--- DATASET RECORDS ---

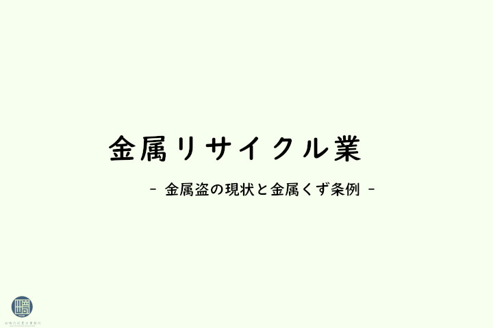 金属リサイクル業をとりまく金属盗難の現状と金属くず条例・規制についてまとめました。
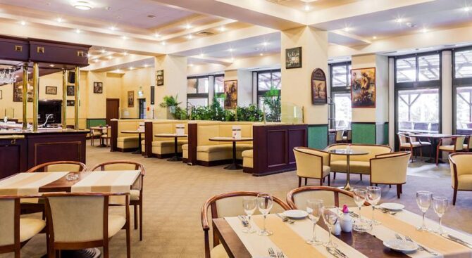 An interesting offer for guests will be summer and winter fishing. The cuisine is traditional, Russian and European. Alcohol in large quantities and variety in the bars and restaurants of the hotel. There is a highlight – beer made in its own brewery. There is a cigar room. Buffet breakfast is included in the room rate. There are great opportunities to expand the range of services.
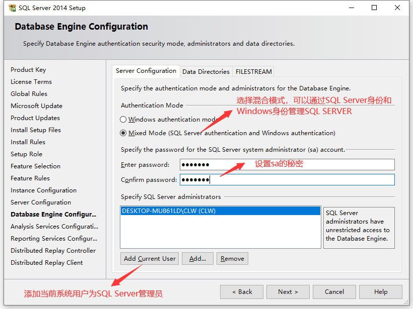 12. 进入数据库引擎配置项。选择混合模式并设置sa密码,添加当前用户为SQL Server管理员。
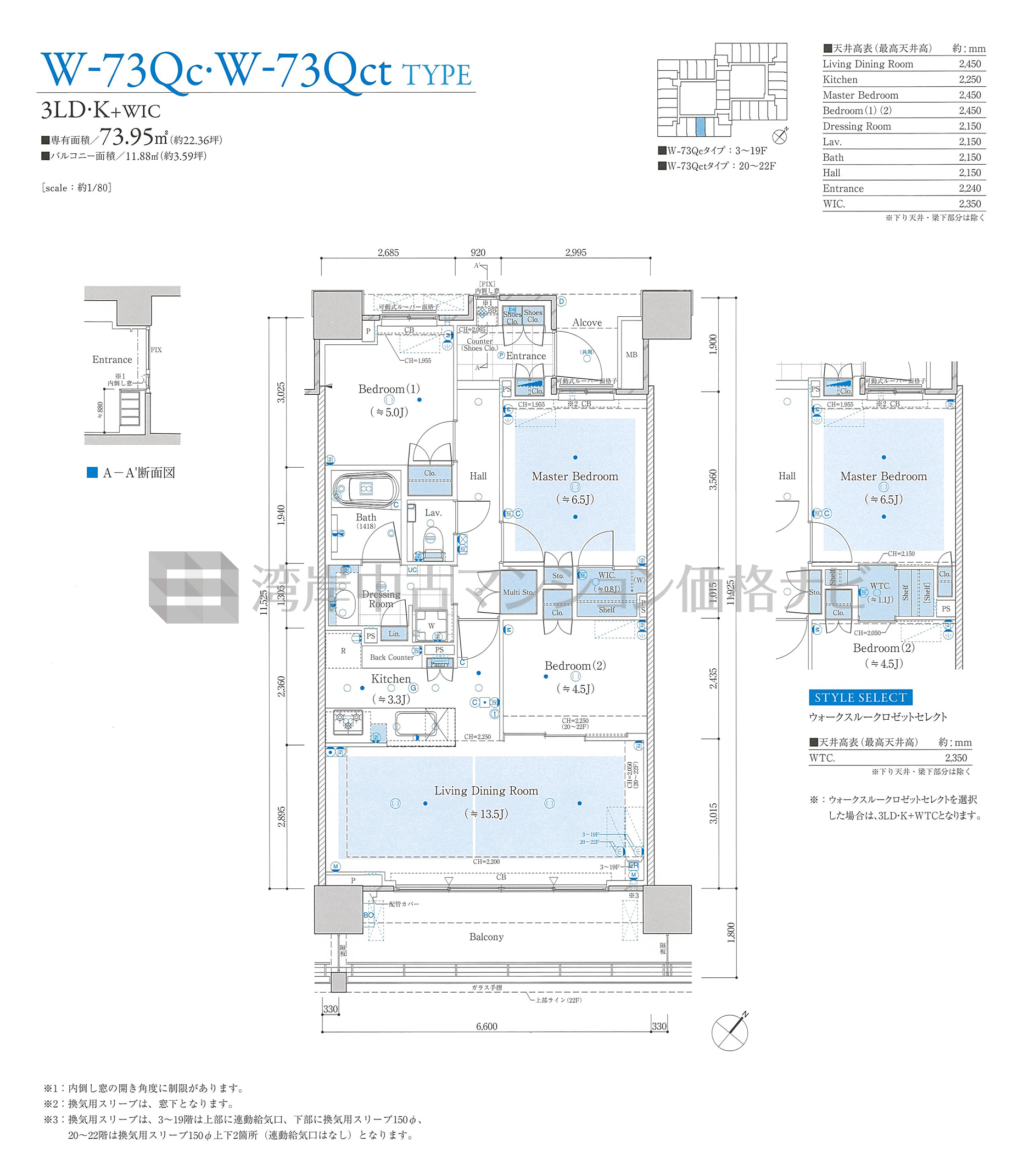 W-73Qct タイプ 間取り3LDK専有面積73.95m²
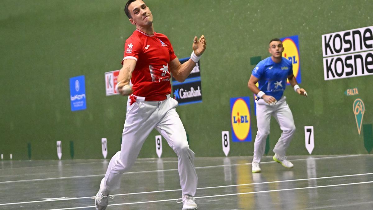 El riojano de Aspe comenzó con las ideas claras: emular el perfil del acotado. Receta contra Larrazabal: cortadas, buscar los pies, estimular los problemas de transporte, evitar una volea cargada de dinamita. Inició la contienda con un saque, gran ariete. Cruzó bien, le dio candela y puso en serios problemas a Iker en el resto, quien respondió al aire todo el partido sin pensárselo dos veces. Cometió algunos errores el de Baiko, porque su explosividad requiere agresividad. Forma parte de su ADN como pelotari, igual que la violencia y el ritmo.
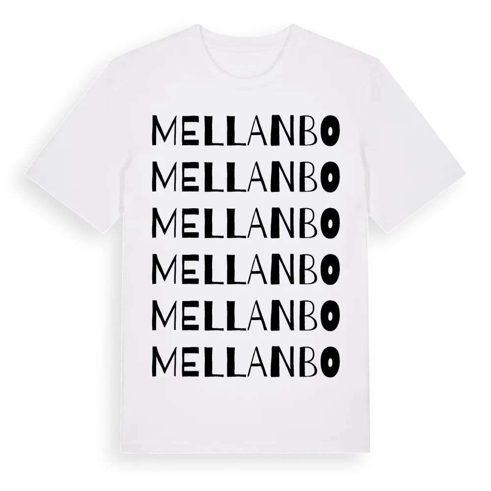 Mellanbo ordlek t-shirt är inspirerad av Mellanbo i Uppsala län, Sverige. Tröjan är designad för dig som har en speciell koppling till platsen – oavsett om du bor här, har rötterna här eller bara älskar Mellanbo.
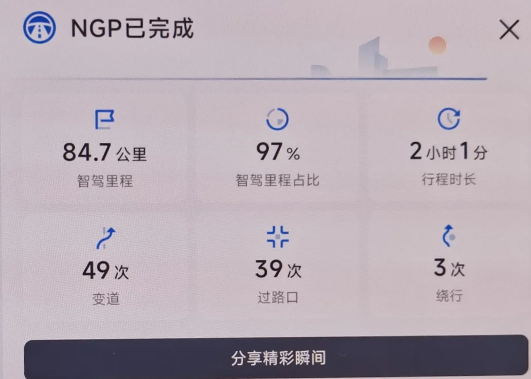 体验下来,感觉除了无限外,ngp基础能力总体表现较之上个版本提升巨大,尤其突出的是绕行、变道的时机把握,小路、施工路段的通行能力,调头,环岛也有了较高的起点。
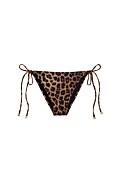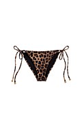 Leopard printed tie-side bikini brief. Feauters an adjustable side ties and moderate back coverage.

---

> _ACTION ITEM_: Pictures in the records are to be left out; repeat everything else exactly.

> _REPLY_:
 金属リサイクル業をとりまく金属盗難の現状と金属くず条例・規制についてまとめました。
 An interesting offer for guests will be summer and winter fishing. The cuisine is traditional, Russian and European. Alcohol in large quantities and variety in the bars and restaurants of the hotel. There is a highlight – beer made in its own brewery. There is a cigar room. Buffet breakfast is included in the room rate. There are great opportunities to expand the range of services.
 12. 进入数据库引擎配置项。选择混合模式并设置sa密码,添加当前用户为SQL Server管理员。
 W-73Qct タイプ 間取り3LDK専有面積73.95m²
 El riojano de Aspe comenzó con las ideas claras: emular el perfil del acotado. Receta contra Larrazabal: cortadas, buscar los pies, estimular los problemas de transporte, evitar una volea cargada de dinamita. Inició la contienda con un saque, gran ariete. Cruzó bien, le dio candela y puso en serios problemas a Iker en el resto, quien respondió al aire todo el partido sin pensárselo dos veces. Cometió algunos errores el de Baiko, porque su explosividad requiere agresividad. Forma parte de su ADN como pelotari, igual que la violencia y el ritmo.
 Mellanbo ordlek t-shirt är inspirerad av Mellanbo i Uppsala län, Sverige. Tröjan är designad för dig som har en speciell koppling till platsen – oavsett om du bor här, har rötterna här eller bara älskar Mellanbo.
 体验下来,感觉除了无限外,ngp基础能力总体表现较之上个版本提升巨大,尤其突出的是绕行、变道的时机把握,小路、施工路段的通行能力,调头,环岛也有了较高的起点。
 Leopard printed tie-side bikini brief. Feauters an adjustable side ties and moderate back coverage.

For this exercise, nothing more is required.